Traders betting commodities will be scarcer and more expensive
New data published by the Commodity Futures Trading Commission show that coffee wagers have reached a 33-month high. Meanwhile, hedge funds raised bullish gold wagers to the highest in more than 14 months amid mounting concern that the US economic recovery is weakening.
A measure of speculative positions across 11 agricultural products jumped 22% to 701,961 contracts, the most since September 2012, the commission data show. The S&P GSCI Agriculture Index of eight commodities climbed 9.7% in February, the biggest monthly advance July 2012. The measure is rebounding after tumbling 22% in 2013, the most since 1981.

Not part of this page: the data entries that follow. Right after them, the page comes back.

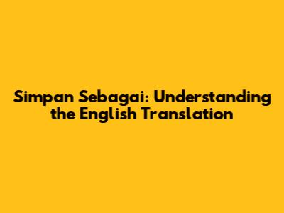 Hey guys! Ever wondered what "simpan sebagai" means in English? Well, you're in the right place! "Simpan sebagai" is a common phrase, especially if you're using computer software or dealing with digital files. It's super useful to know its English equivalent so you can navigate software, understand instructions, and communicate effectively in an international context. Let's dive into the nitty-gritty of this simple but essential phrase.
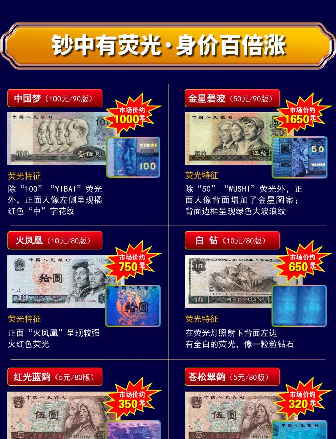 熒光鈔在收藏界被譽為“測試鈔”和“神秘紙幣”,了我國熒光鈔先河,品種豐富,版本多樣,數量極少,收藏價值非常大!
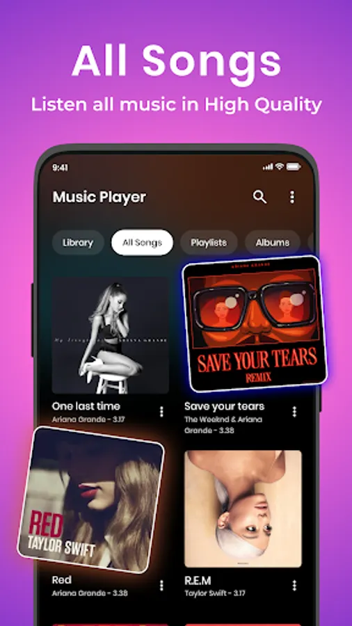 • Songs player, audio player, mp3 file player with high quality.
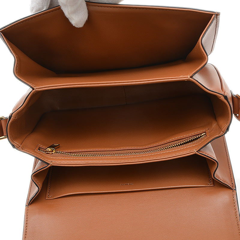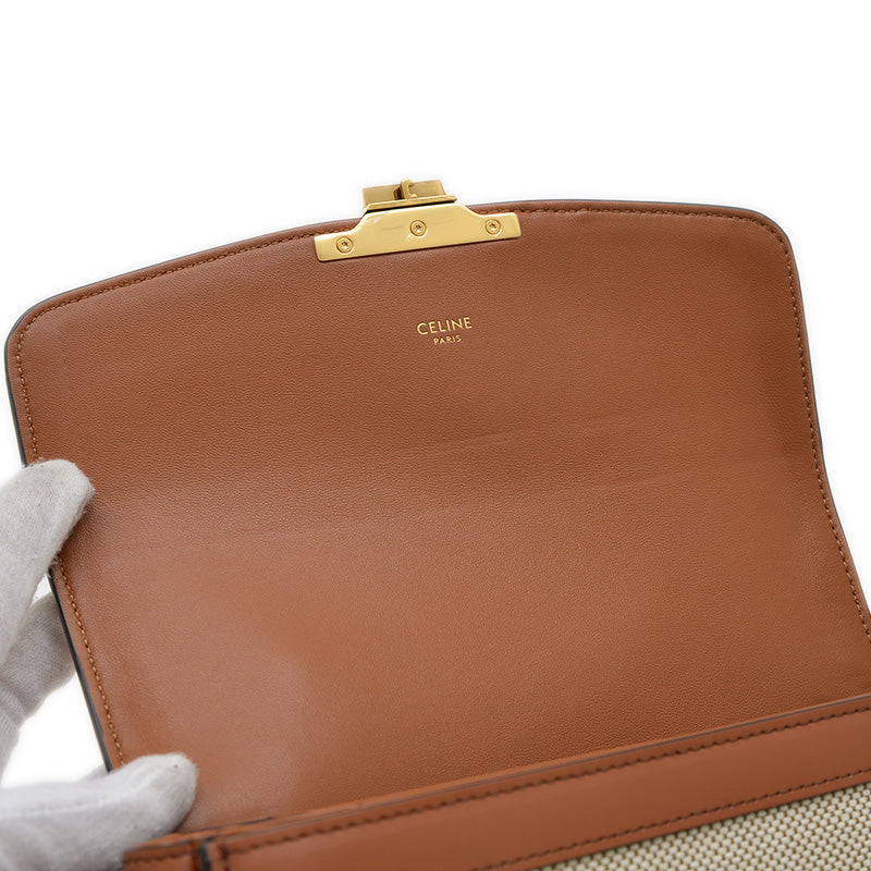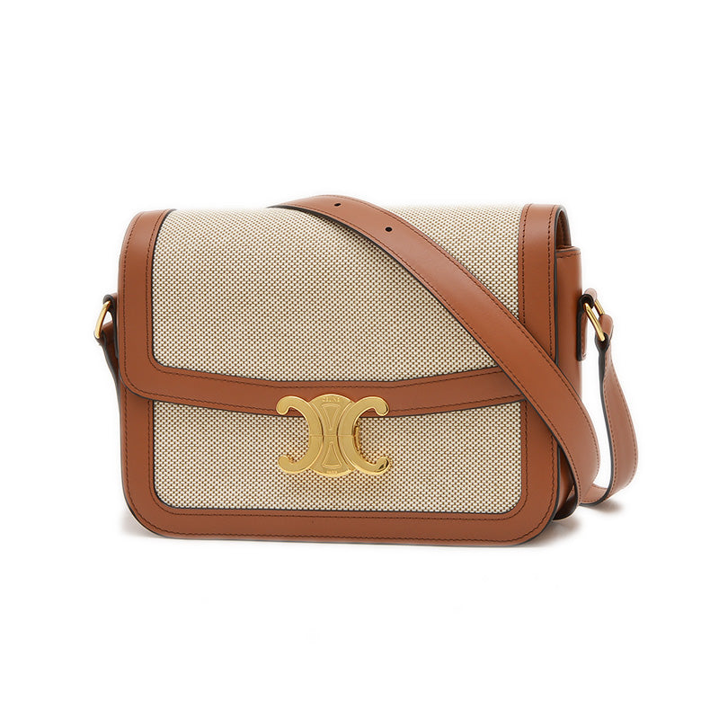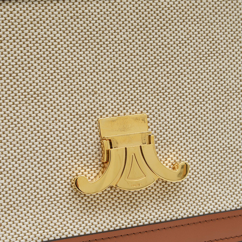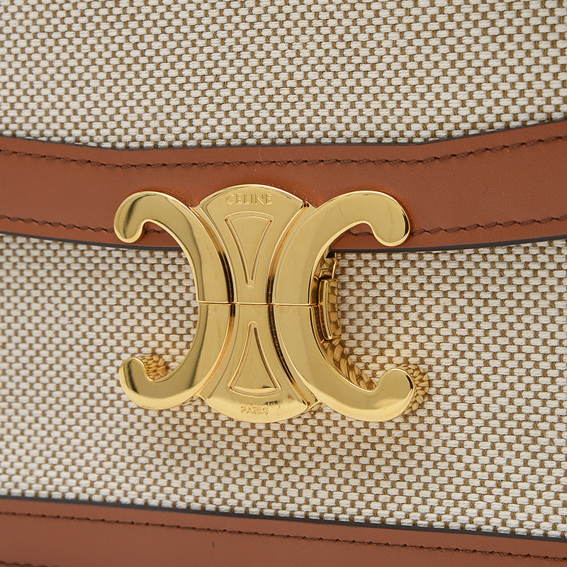 - テキスタイル(キャンバス)素材とカーフスキンの組み合わせに、セリーヌのアイコンであるトリオンフのメタリッククロージャーが特徴で、上品かつクラシカルなデザインが魅力です。

Investors boosted their net-long position in coffee by 15% to 27,866 contracts, the highest since May 2011. Arabica-coffee prices in New York surged 44% last month, the biggest gain in more than 19 years. Before February, speculators were betting on lower prices, holding a net-short position for 18 months.
After tumbling 23% in 2013, coffee rebounded 66% this year amid the driest January in six decades in Brazil.

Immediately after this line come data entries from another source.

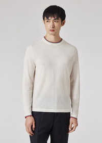 Cut from breathable 100% merino wool, this white crew neck sweater features a contrasting red stripe collar and cuffs. Created to celebrate Manchester United’s rich sporting history, this top is finished with an embroidered 'Red Devil' on the back. 100% Merino Wool Hand wash Product Code: M1R-604X-U01807-01
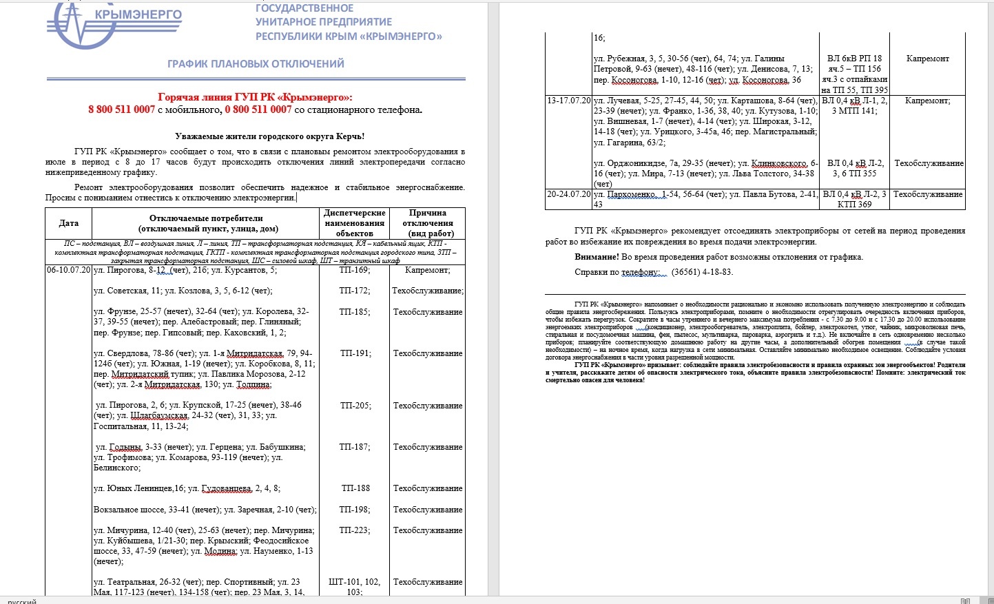 ГУП РК «Крымэнерго» сообщает о том, что в связи с плановым ремонтом электрооборудования в июле в период с 8 до 17 часов будут происходить отключения линий электропередачи согласно нижеприведенному графику, - передает Керчь.ФМ.
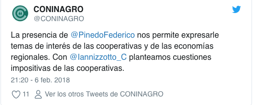 El presidente provisional del Senado, Federico Pinedo, visitó ayer la sede porteña de Coninagro y adelantó que pedirá que la Comisión de Agricultura en el Senado “siga presidida por el mellizo De Ángeli“.

Crops suffered “irreversible” damage, and losses will tip the global market into a deficit in the year starting October 1 in most countries, according to Volcafe Ltd, the coffee unit of commodity trader ED&F Man Holdings Ltd.

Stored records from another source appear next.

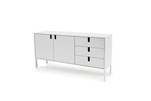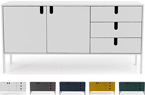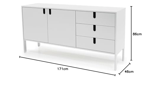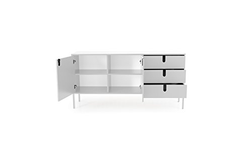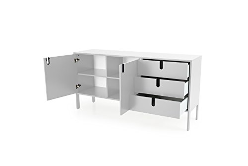 TENZO - Tenzo 8555-001 UNO Designer Sideboard 2 doors, 3 drawers, White, MDF and particle board, lacquered finish, (HxWxD) : 86 x 171 x 46 cm
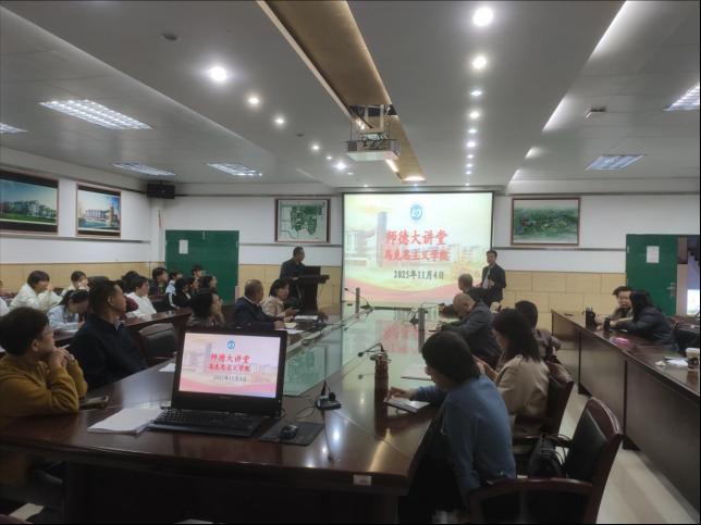 为进一步深入学习贯彻习近平总书记关于教育的重要论述和全国、全省教育大会精神,大力弘扬教育家精神,推进师德师风建设,11月4日下午,马克思主义学院举办“师德大讲堂”,游国斌教授以“立德树人背景下的教师领导力:持续学习与终身成长”为主题展开深度分享。全体教师与2025级思政专业学生参加学习。
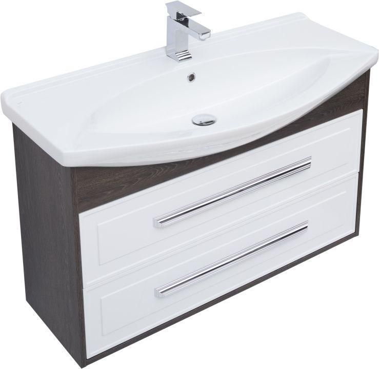 Тумба с раковиной Aquanet Остин 105 в цвете "дуб кантербери/белый" чрезвычайно эффектно смотрится благодаря яркому контрасту шоколадных деревянных деталей корпуса в цвете «дуб кантербери» с белыми глянцевыми фасадами выдвижных ящиков со строгой фрезеровкой. Лаконичные хромированные ручки подчеркивают элегантность узора на фасаде. Особенно хороша на этом фоне белоснежная керамическая раковина чешского бренда Dreja, которая в этом комплекте является не только функциональной деталью, неотъемлемой частью тумбы, но и декоративным элементом. Тумба шириной 105 см станет настоящим украшением интерьера, выполненного в любом стиле.

The net-bearish position in wheat shrank to 20,311 contracts from 34,402 a week earlier. Futures in Chicago climbed 8.4% in February, the biggest monthly advance since July 2012. Cold weather and lingering drought left 47% of Texas wheat in poor or very-poor condition as of February 23, up from 44% on February 16.
“Bad weather equals higher commodity prices, in particular, agricultural prices,” said Walter ‘Bucky’ Hellwig, who helps manage $17bn (€12.35bn) at BB&T Wealth Management in Birmingham, Alabama. “It does have a ripple effect into other markets, like grains. In the case of coffee, that’s all driven by the adverse weather conditions in Brazil.”